Task: Pictures aside, every line of the listing should be given again exactly.

Given data:
- - -
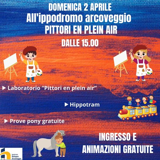 Laboratorio “Pittori en plein air”, bimbe e bimbi pittori per un giorno a cura di Didattica delle Arti – WOF eventii cavalletti da giovane artista saranno disposti a bordo pista per dipingere all’aria aperta come un pittore impressionista, la bellezza dei cavalli al trotto!
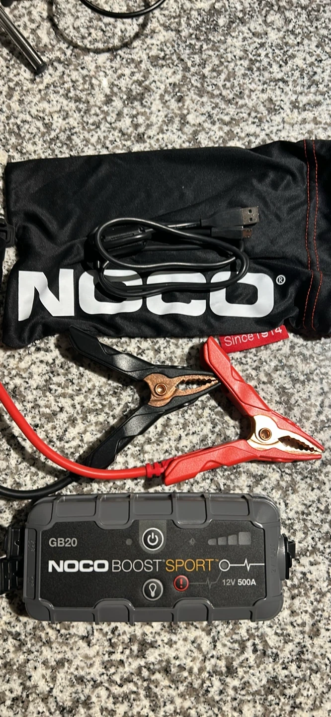 This is a NOCO GB20 Boost Sport jump starter. It's a 12V, 500A portable battery booster. Includes jumper cables, USB charging cable, and storage bag.
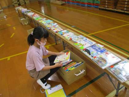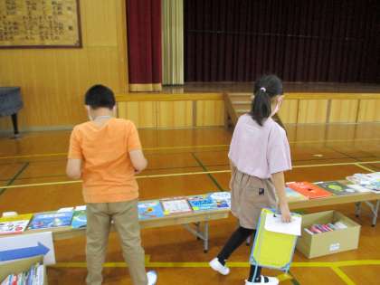 今日は選書会でした。体育館にずらっと並べられた本を見て子どもたちは大喜び!たくさんの本の中からお気に入りの1冊を見つけることができました。
- - -
Task result:
 Laboratorio “Pittori en plein air”, bimbe e bimbi pittori per un giorno a cura di Didattica delle Arti – WOF eventii cavalletti da giovane artista saranno disposti a bordo pista per dipingere all’aria aperta come un pittore impressionista, la bellezza dei cavalli al trotto!
 This is a NOCO GB20 Boost Sport jump starter. It's a 12V, 500A portable battery booster. Includes jumper cables, USB charging cable, and storage bag.
 今日は選書会でした。体育館にずらっと並べられた本を見て子どもたちは大喜び!たくさんの本の中からお気に入りの1冊を見つけることができました。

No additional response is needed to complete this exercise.